Conference: ICCV 2025 arXiv: 2503.07389 Code: GitHub Area: Diffusion Model Safety · Concept Erasure · Image Generation Keywords: concept erasure, text-to-image safety, adversarial robustness, cross-attention editing, denoising trajectory

TL;DR¶

This paper proposes TRCE, a two-stage concept erasure strategy—textual semantic erasure followed by denoising trajectory steering—that reliably removes malicious concepts while minimizing degradation of the model's general generation capability.

Background & Motivation¶

Text-to-image diffusion models such as Stable Diffusion face significant safety risks in generating NSFW content alongside high-quality images.

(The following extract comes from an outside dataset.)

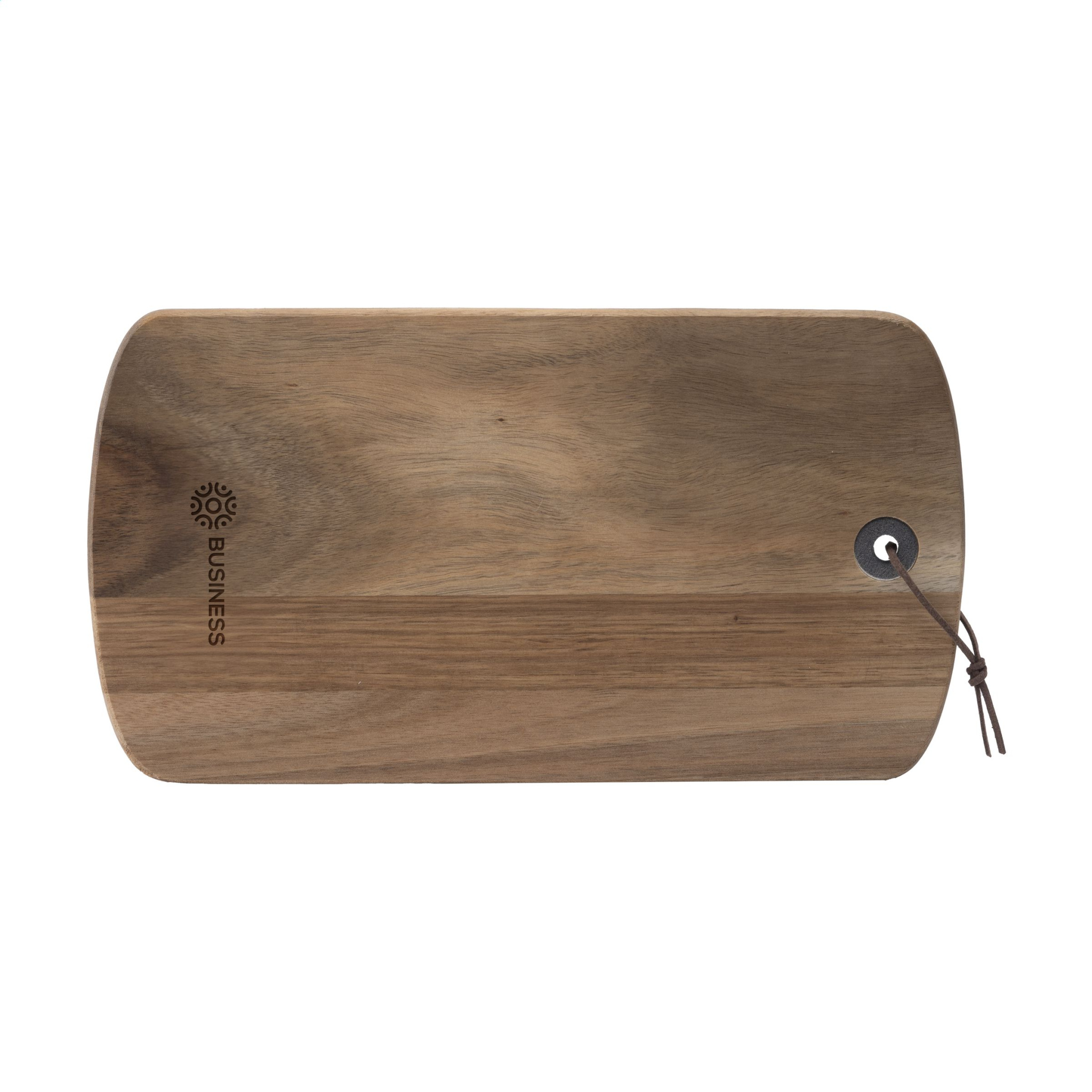 Cheese board made from acacia wood, a robust type of wood with a warm appearance. With leather cord. Includes 2 cheese knives and 1 cheese fork. A beautiful set for serving different types of cheese. Each set is supplied with a cardboard sleeve.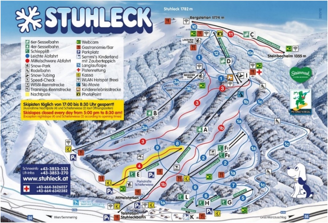Stuhleck - Spital am Semmering je svými 1782 m nejvyšší horou na východním okraji Alp a největší lyžařsou oblastí východního Rakouska a skutečným rájem pro lyžaře a milovníky sněhu. Středisko nabízí převýšení 1000 m. Na vrchol hory se můžete nechat vyvézt navazujícími komfortními – 4-sedačkovými a 6-sedačkovými lanovkami, které jsou částečně vybaveny stříškou proti nepřízni počasí, a potom si užívat celkem 26 km dlouhé sjezdy se zárukou sněhu. Autobus parkuje v 777 m v bezprostřední blízkosti sjezdovek. Vleky jezdí 8.30 - 16 h.

Concept Erasure (CE) addresses this by modifying model parameters to suppress specific concepts; however, existing methods exhibit a fundamental tension between erasure reliability and knowledge preservation:

Implicit malicious semantics are difficult to erase: Existing methods (e.g., ESD, UCE) primarily suppress specific keywords, yet malicious concepts are frequently expressed indirectly through metaphors, associations, or adversarial prompts (e.g., describing nudity-like scenes without using the word "nudity").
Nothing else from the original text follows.